Small grain crops around North Dakota are approaching critical development stages. While developmental covers a wide range of stages much of the crop, particularly the early planted portion, is jointing or early boot.

Two pests, scab and wheat midge, become problems during heading and flowering. From heading to flowering is when wheat is susceptible to the wheat midge. Once flowering is complete wheat midge no longer attack the developing heads. Wheat midge is not a problem on barley. Flowering is also when wheat is most susceptible to scab infection. Barley flowers in the boot and is most susceptible to scab once heading occurs. If current weather conditions persist following flowering the potential for scab will be high.

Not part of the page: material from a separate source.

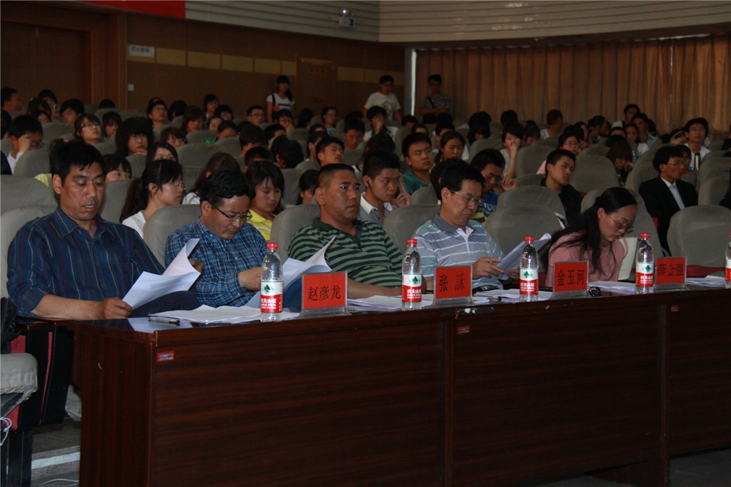 党总支副书记金玉河老师、历史系主任张訸老师、新闻系主任薛金强老师、旅游系主任毛凤玲老师、中文系赵彦龙老师作为评委参加了本次报告会。

Monitoring heading in barley and wheat is extremely critical for effective control of either pest. The time required for both wheat and barley to go from mid boot to head emergence can range from three to five days. Obviously environmental conditions have a large impact on the developmental rate. Warm sunny days favor rapid development.

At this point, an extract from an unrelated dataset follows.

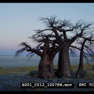 A Scenic Pan shot of Baobab trees late afternoon.

Growing degree days (GDD) can be used to predict when heading will occur (See May 20, 1999 Pest Report for an in-depth discussion on wheat GDD). Both wheat and barley will require about 140 GDD to go from mid boot to heading. Wheat will require about 270 GDD to go from mid boot to completion of flowering. The NDSU NDAWN system at  http://www.ext.nodak.edu/weather/ndawn/listgdd.shtml  provides GDD for several regions around the state.

Even though the past couple weeks have been quite cool early planted crops are developing rapidly. The important point is, if you plan on controlling wheat midge or scab with a pesticide application, timing application with development is crucial to success. Knowing the stage of a crop now and when it will head or flower is useful when planning for the pesticide application.

Control of scab with a fungicide depends on correct timing of the application. The optimum time for fungicide application on wheat is following heading when flowering has started in wheat and after heading is complete in barley. Fungicides only provide protection against scab on tissue that receive a direct application. Even though fungicides like Tilt and Folicur are systemic they do not move throughout the plant but remain in a localized area near the site of absorption. Applications before heading is complete in both wheat and barley will compromise control of scab.